In my experience, this stuff works — powerfully. Some years ago, a week or two after one such session, I found myself sharing a golf cart with one of the US's largest retailers' key IT executives (Coincidence? I don't think so…). I can still hear him, saying something to the effect, "You know one of the main reasons we buy more from Symbol than any of your competitors? It's because you bring us more good and innovative thinking about how your technology can transform our business than even our major system platform suppliers," (who were many times Symbol's size). That's Trusted Advisor talk.

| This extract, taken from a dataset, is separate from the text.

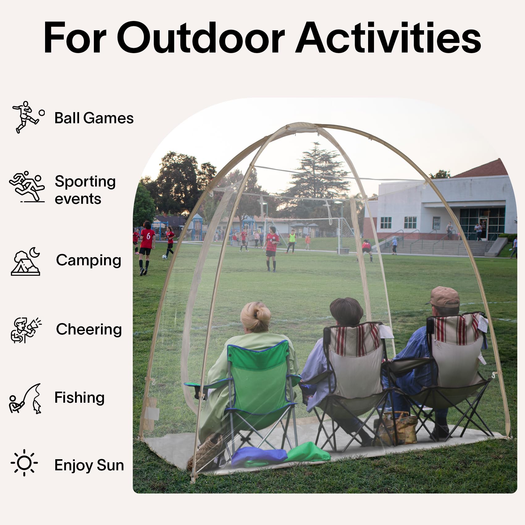 VERSATILE FOR A WIDE RANGE OF OUTDOOR VENTURES: Instant auto set-up structure frame tent is perfect for watching sports like football, baseball, soccer, lacrosse, or engaging in hobbies such as fishing, photography, outdoor open-air movies. Keep your family and friends warm and clean while cheering on your team. Fully transparent roof allows for night stargazing and enjoying the beautiful scenery. Create cherished memories in your garden, backyard, camping trips, by the swimming pool, etc.

Gold Standard for Customer Service

Driving into NYC a couple of years back, my mobile phone rang. On the other end was the Customer Services Manager of The Carlyle Hotel, my destination that evening. She begged my pardon for calling without prior notice or invitation, and then asked if I would kindly provide her with my wife's middle name. After a brief pause to puzzle as to the reason, I replied (it's Rae Ida), she thanked me, and Ellie and I continued our journey.

Upon arrival, about an hour later, the purpose of her mysterious query was revealed. Because on the bed, in crisp white linen, were monogrammed pillow cases — Ellie's on her side ("ERIB"), mine ("REB") on the other. I learned later that that particular evening marked the one hundredth time I enjoyed their hospitality. The VIP pillows… a small sign of recognition.

The same arrangement has greeted me on every stay since.

How much did it cost to produce those pillow cases? How much did it buy in loyalty (and now, PR)? Do the math, and ask yourself, "Am I really doing everything possible to recognize and serve my best customers?"